STEP-II:- Reservation of Name
File form RUN LLP for reservation of name of the proposed LLP. The addition of the word LLP or Limited Liability Partnership at the end is allowed for the existing name of the firm to be converted.
STEP-III:- Filing of Incorporation Form i.e., Fillip
After approval of name of proposed LLP shall file Form Fillip for conversion of Firm into LLP all necessary information and attachments.
STEP-IV:- Filing of Form: 17
Application for conversion is required to be filed by the partners in Form -17 along with the following attachments:-
1. Statement of assets & liabilities of the firm duly certified by a CA in Practice;
2. List of Creditors along with their consent for conversion;
3. Consent of all partners for conversion;
4. Approval from any other body/authority as may be required;
5. Statement of Partners;
6. Copy of Acknowledge of Latest Income Tax Return;
7. Partnership Deed;
8. Registration Certificate of Partnership Firm issued by Registrar of Firms, if any.

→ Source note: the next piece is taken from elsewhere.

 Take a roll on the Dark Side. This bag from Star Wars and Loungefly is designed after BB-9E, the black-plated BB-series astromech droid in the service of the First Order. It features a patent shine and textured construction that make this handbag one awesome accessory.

STEP-V:- Approval/Sent for Re-submission Refusal by the Registrar:-
The Registrar can issue three orders:-
1. The Registrar on satisfied with all applicable provisions of the LLP Act and Rules in the submitted documents. So, Registrar issued a Certificate of Incorporation pursuant to the conversion of the firm in LLP.

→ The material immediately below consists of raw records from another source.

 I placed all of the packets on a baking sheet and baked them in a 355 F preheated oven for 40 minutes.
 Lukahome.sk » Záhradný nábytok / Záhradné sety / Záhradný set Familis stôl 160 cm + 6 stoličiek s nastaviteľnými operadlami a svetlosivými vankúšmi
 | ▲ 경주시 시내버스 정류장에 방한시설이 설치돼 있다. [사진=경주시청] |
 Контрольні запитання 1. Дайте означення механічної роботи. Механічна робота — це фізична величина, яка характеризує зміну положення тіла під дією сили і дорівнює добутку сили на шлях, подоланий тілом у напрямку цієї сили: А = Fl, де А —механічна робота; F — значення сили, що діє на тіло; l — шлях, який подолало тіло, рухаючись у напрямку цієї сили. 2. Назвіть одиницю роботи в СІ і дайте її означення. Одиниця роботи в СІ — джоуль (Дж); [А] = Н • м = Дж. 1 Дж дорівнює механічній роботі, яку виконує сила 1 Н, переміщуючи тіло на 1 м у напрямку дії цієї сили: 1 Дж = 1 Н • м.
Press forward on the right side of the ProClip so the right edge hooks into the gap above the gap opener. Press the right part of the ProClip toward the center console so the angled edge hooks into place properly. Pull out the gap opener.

2. If the registrar has a reasonable ground to believe that the documents filed are not proper or he requires some additional documents then he can ask the applicant for the same.
3. If the Registrar has a reasonable ground to believe that the application for conversion filed is improper or the applicant fails to comply with the all applicable provisions regarding conversion, He can reject the application mentioning reason of rejection.
“An appeal may be made before the Tribunal in case of refusal of registration by the Registrar”
STEP-VI:- Intimation to the Registrar of Firms
The LLP shall within 15 (Fifteen) days from the date of conversion intimate about such conversion to the registrar of firms in Form-14 along with following attachments:
1. Copy of Certificate of Incorporation of LLP;
2. Copy of Incorporation documents submitted.
STEP-VII:- filing of form LLP-3 (LLP Agreement):-
Form LLP 3 shall be filed with Registrar within 30 days from the date of conversion of Firm into LLP. There shall be only one attachment in form LLP-3 viz. LLP Agreement.
LLP agreement shall be duly executed/signed by all the designated partners and/or partners of the LLP and witnessed by two witnesses
Once, the LLP is incorporated and the Partnership Firm is converted, the Partnership Firm would be deemed to be dissolved. Further, on the conversion of Partnership into LLP, all properties, assets, interests, rights, privileges, liabilities, obligations of the firm are transferred to the LLP. In other words, the whole of the undertaking of the firm is transferred to the LLP.
1. Can only registered Partnership Firms be converted in LLP?
No, registered as well as unregistered Partnership Firms be converted in LLP.
2. Is the consent of all creditors and all partners of firm mandatory for conversion?
Yes, Consent of all the creditors shall be mandatorily obtained for conversion of Firm into LLP.
3. What are the provisions for reservation of name by a foreign entity under the LLP Act?
Foreign entity can file an application for reservation of its name or for renewal of name reserved earlier by filing an application in e Form 25.
The name will be reserved in system for a period of three years and an application for renewal of name should be filed before the expiry of three years. In case of renewal of name, the name should be reserved for a further period of three years after renewal date.
4. Is it required to file Form 14 for conversion of firm in to Limited Liabilities Partnership (LLP)?
As per notification dated 15th October, 2015 issued by Ministry, Form-14 is required to be filed in physical form with Registrar of Firms, after approval of Form 17 by Registrar of LLP.